For years, the U.S. benefitted from oppression overseas, Malone said. In the 20th century, the first great wave was after the Second World War, followed by successive waves of Asians from the 1950s to 1980s and Indians in the 1990s.

But then outsourcing began "leaking out" that knowledge back overseas, to countries as diverse as India, China and Ireland.

"It's cost-effective for our businesses, but it's creating economic opportunities off-shore and reducing economic opportunities on-shore," he said. "We've lost all those skills, to a large extent. All that innovation capacity has been lost [overseas]."

Outsourcing began as a way to complete back-office administrative tasks on the cheap, but it has since scaled to creative and innovative aspects of the business. Now, pharmaceutical companies outsource research and development to India, he said.

"Now, the product development -- the ideas making economic opportunity -- are happening in other countries," he said.

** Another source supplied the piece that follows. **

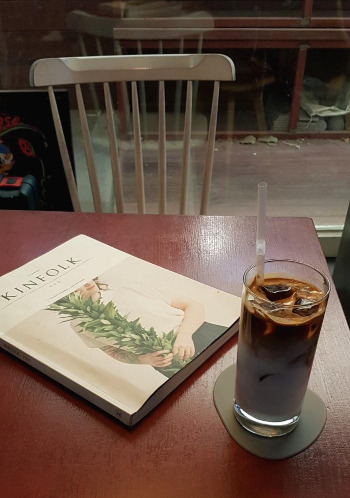 - 자리마다 Kinfolk 잡지가 하나씩 놓여 있는 분위기 좋은 카페. 입구를 들어서면 폭은 좁지만 안쪽으로 공간이 많아서 나름 쾌적한 느낌이 든다. 테이크 아웃은 2천원을 할인해 주고, 비 스터디 카페임을 강조하면서 주말엔 노트북 사용 자제 요청을 해 두는 건 나쁘지 않은 운영 방안인 것 같다. 탁자에 비치해 둔 킨포크 잡지에서 참고한 것처럼 카페 내부 소품이나 조명 하나하나 기분을 릴랙스시켜주는 편안한 분위기라서 책 볼 때 집중이 잘 되었던 것 같다. 아인스패너가 유명하다던데 다음엔 트라이해볼 생각

Since 2001, an economic downturn and strict immigration policy has turned away innovators from coming to America -- and over time, degrading the view that the U.S. is a hub for innovation.

"They feel like the economic best times of the United States are in the past," he said. "If they're going to start a business anywhere, it's not going to be in the United States. It's going to be in their home country."

The numbers demonstrate the shift. China now has more researchers than the U.S. or the European Union.

"Although we want more students to go into the STEM fields, we don't really have the employment for them," he said. "That's a real problem."

So what is the solution? Malone proposed the following:

  • Ask the federal government to restore broken feedback loops.
  • Reform immigration policy to be more friendly to best and brightest. "People take risks to get here, they should be welcomed," he said.
  • Have a clear, stable policy so that risky R&D ventures know that the rug won't be pulled out from under projects halfway through them.
  • Offer incentives for R&D, such as tax deductions.
  • Support grand challenges, such as the DARPA Grand Challenge, which inspire a huge pile-on effect from outside companies.
  • "Buy drinks. Be a welcoming society. Foster innovation. Talk about how wonderful things can be in the United States. Be an ambassador. A lot of people tend to put it down."
  • Support project-based education, such as theX-Prize, Innocentive or KickStarter.
  • Support facilities for research, such as TechShop and NextFab.
  • Support "hackerspaces" to foster innovation as a social activity. "I love the idea that this could be the recreation of the future, as opposed to being a couch potato," he said.

Ultimately, it boils down to a single goal: don't drop the ball, America.

"There isn't any magic that keeps us an innovating culture," Malone said. "It's up to us."